Cyan4973 / xxHash

Extremely fast non-cryptographic hash algorithm
http://www.xxhash.com/
Other
8.72k stars 762 forks source link

xxhash.h refactoring, splitting different xxh algorithm to different files #947

Open nu-illasera2 opened 1 month ago

nu-illasera2 commented 1 month ago

request for splitting the massive xxhash.h file into multiple smaller files, each for a different xxh function.

The rationale : while its safe to assume that most compilers will strip un-needed code that isn't used, not all of them will (like TCC and friends), which results in both big object file and a big executable. as well as some IDEs like eclipse cdt takes a while to parse it.

While i can make this change on my own in my side-projects, the issue is , once an update for this project will come up, it will be a nightmare to do it again, and at this point, any patch to split the files for me is impossible.

1.)Any chance to split the xxhash.h single big file into multiple files that holds different hash functions? 2.)Any chance of moving the huge comment at the start of the page with the benchmarking results and description to a different text file? (The license comment ofcourse should stay).

Thanks in advance.

t-mat commented 1 month ago

As for 1.) see this post: https://github.com/Cyan4973/xxHash/issues/550#issuecomment-1611004526

nu-illasera2 commented 1 month ago

As for 1.) see this post: #550 (comment)

Alright so, we wait? well i hope i have added 2 more reasons (While not big nor critical reasons) as to why we should make said changes (That is parsing time by the editor and some compilers won't strip un-used code).

Cyan4973 commented 1 month ago

while its safe to assume that most compilers will strip un-needed code that isn't used, not all of them will (like TCC and friends), which results in both big object file and a big executable.

If produced binary size is your main objective, there are some solutions available immediately, using macro compilation directives:

nu-illasera2 commented 1 month ago

If produced binary size is your main objective, there are some solutions available immediately, using macro compilation directives:

On a personal note, i am using GCC , my suggestion was more of a cover-all for everyone.

* `XXH_NO_LONG_LONG` will also remove `XXH64`, leaving only `XXH32` in the binary.

A little bit of nit-picking, let's stick with naming conventions , if you have a definition for XXH_NO_XXH3, i think other options should follow the same naming convention, while i understand why you went with XXH_NO_LONG_LONG ; i would recommend XXH_NO_XXH64 (Even if it disables multiple things, use a definition with a long name, clarity is more important than extra 10 or even 100 characters, it does not have performance impact anyway).

Cyan4973 commented 1 month ago

XXH_NO_LONG_LONG was created first, long before XXH3 existed, and the purpose was to support old C90 compilers without support for long long (which is a C99 type).

Sure, names can change, and we could create aliases focusing more on the side effect (XXH64 no longer supported) since it's less about compiler support and more about binary size management.

Of course, as soon as we get there, we may face the question "why can't I have XXH64() only without XXH32()" and other esoteric combinations.

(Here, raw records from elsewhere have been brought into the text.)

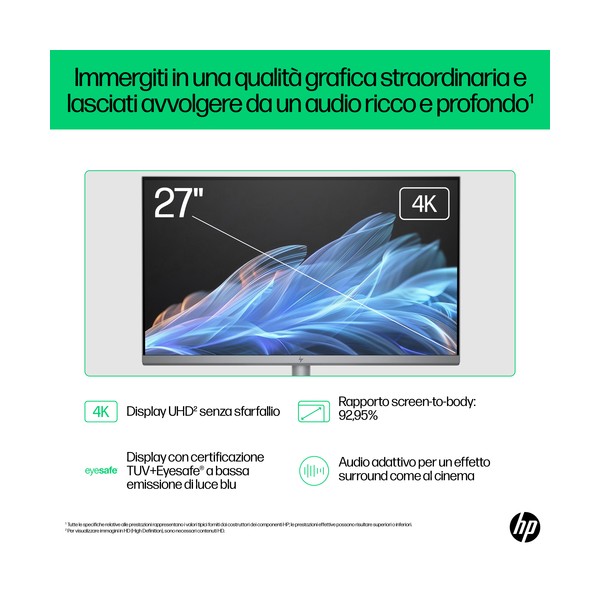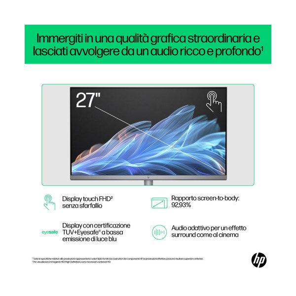 Diagonale da 68,6 cm (27"), FHD (1920 x 1080), IPS, micro-edge su tre lati, antiriflesso, 300 nit, 99% sRGB, 27" diagonal, FHD (1920 x 1080), IPS, three-sided micro-edge, anti-glare, 300 nits, 99% sRGB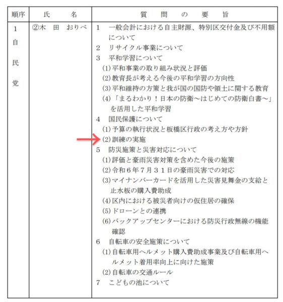 国際情勢が緊迫する中、私も区に国民保護訓練の実施を求めています。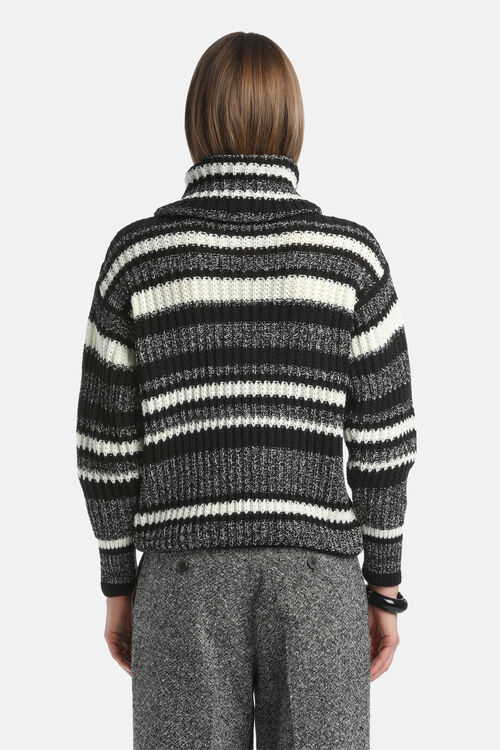 Водолазка из натурального трикотажа из смесовой шерсти, с разноцветными полосатыми узорами разной ширины.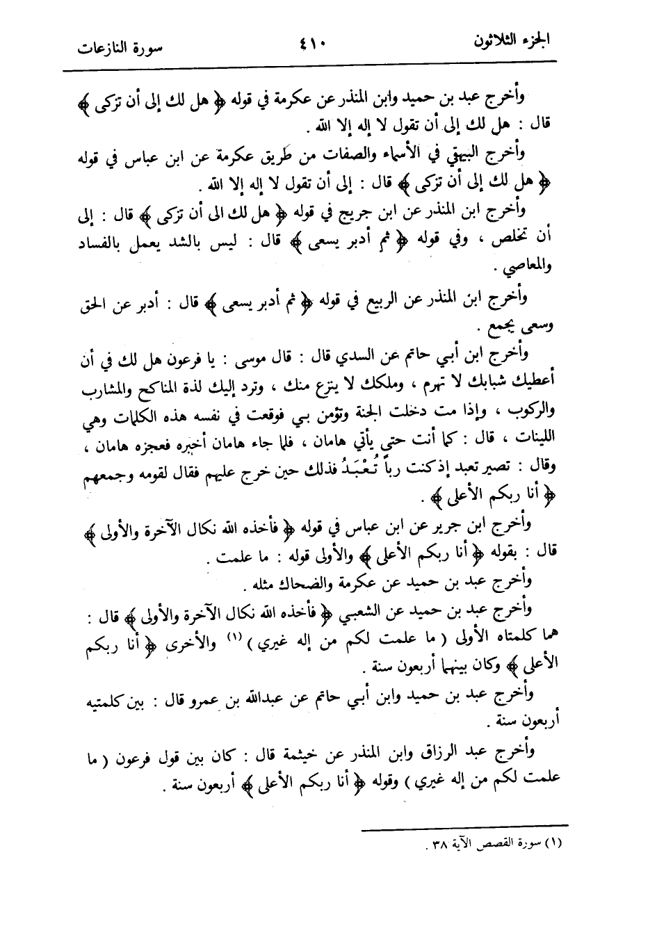 وَأخرج ابْن الْمُنْذر عَن ابْن جريج فِي قَوْله: {هَل لَك إِلَى أَن تزكّى} قَالَ: إِلَى أَن تخلص وَفِي قَوْله: {ثمَّ أدبر يسْعَى} قَالَ: لَيْسَ بالشد يعْمل بِالْفَسَادِ والمعاصي

But solving that part would be a much more involved objective, closer to the initially mentioned topic (segment source code to create selective amalgamation on demand).

nu-illasera2 commented 1 month ago

XXH_NO_LONG_LONG was created first, long before XXH3 existed, and the purpose was to support old C90 compilers without support for long long (which is a C99 type).

Sure, names can change, and we could create aliases focusing more on the side effect (XXH64 no longer supported) since it's less about compiler support and more about binary size management.

Yes sir, an alias would be the way to go about it , so we won't have to break any compatibility with the existing API (I thought about it as well when i made the previous post but didn't mention it , no idea why).